▸ **Activity**:
Transcribe this listing exactly; omit the pictures.

▸ **Recorded information**:
++++++++++
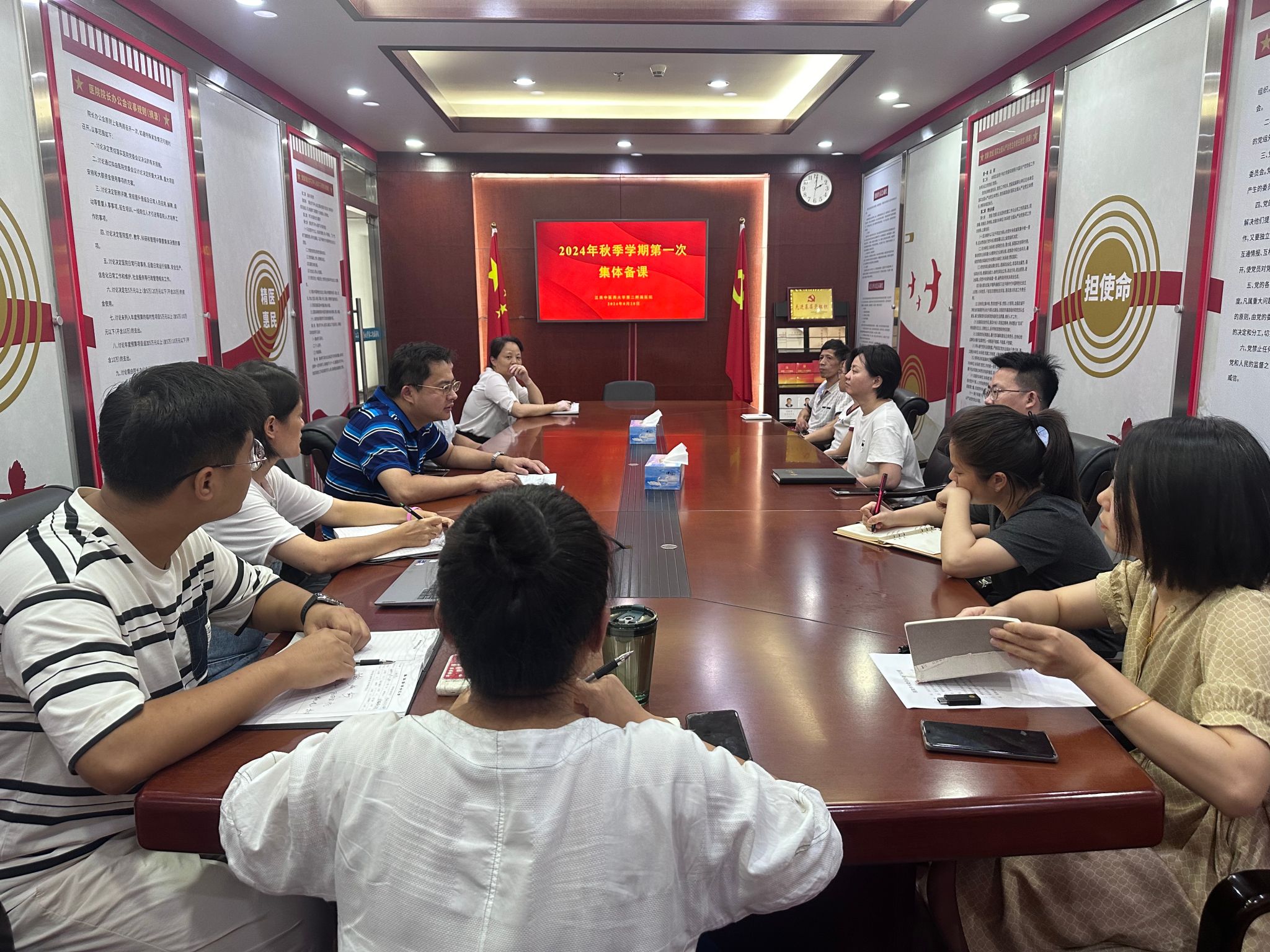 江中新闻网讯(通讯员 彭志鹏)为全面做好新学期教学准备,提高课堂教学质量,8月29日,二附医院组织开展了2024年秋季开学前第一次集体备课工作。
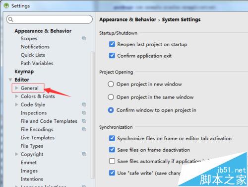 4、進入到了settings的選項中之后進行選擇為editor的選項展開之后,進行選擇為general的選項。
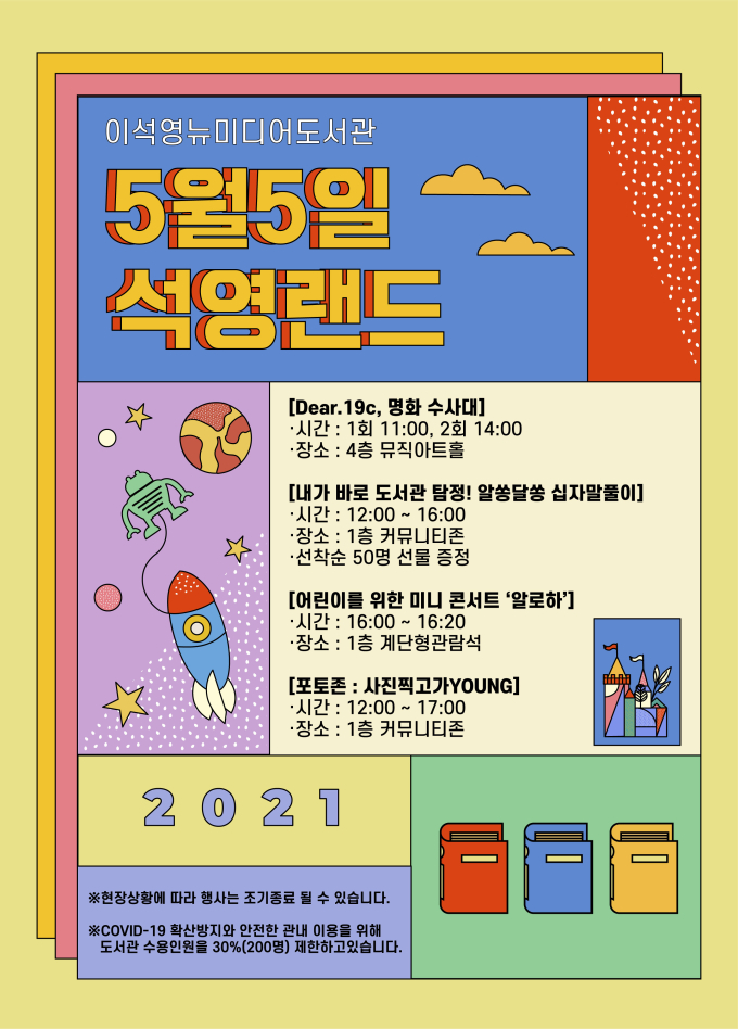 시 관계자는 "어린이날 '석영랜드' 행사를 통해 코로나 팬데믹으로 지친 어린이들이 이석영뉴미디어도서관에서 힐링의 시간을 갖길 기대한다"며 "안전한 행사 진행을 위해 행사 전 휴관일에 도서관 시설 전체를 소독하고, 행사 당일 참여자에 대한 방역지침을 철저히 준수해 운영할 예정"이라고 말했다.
++++++++++
▸ **Answer box**:
 江中新闻网讯(通讯员 彭志鹏)为全面做好新学期教学准备,提高课堂教学质量,8月29日,二附医院组织开展了2024年秋季开学前第一次集体备课工作。
 4、進入到了settings的選項中之后進行選擇為editor的選項展開之后,進行選擇為general的選項。
 시 관계자는 "어린이날 '석영랜드' 행사를 통해 코로나 팬데믹으로 지친 어린이들이 이석영뉴미디어도서관에서 힐링의 시간을 갖길 기대한다"며 "안전한 행사 진행을 위해 행사 전 휴관일에 도서관 시설 전체를 소독하고, 행사 당일 참여자에 대한 방역지침을 철저히 준수해 운영할 예정"이라고 말했다.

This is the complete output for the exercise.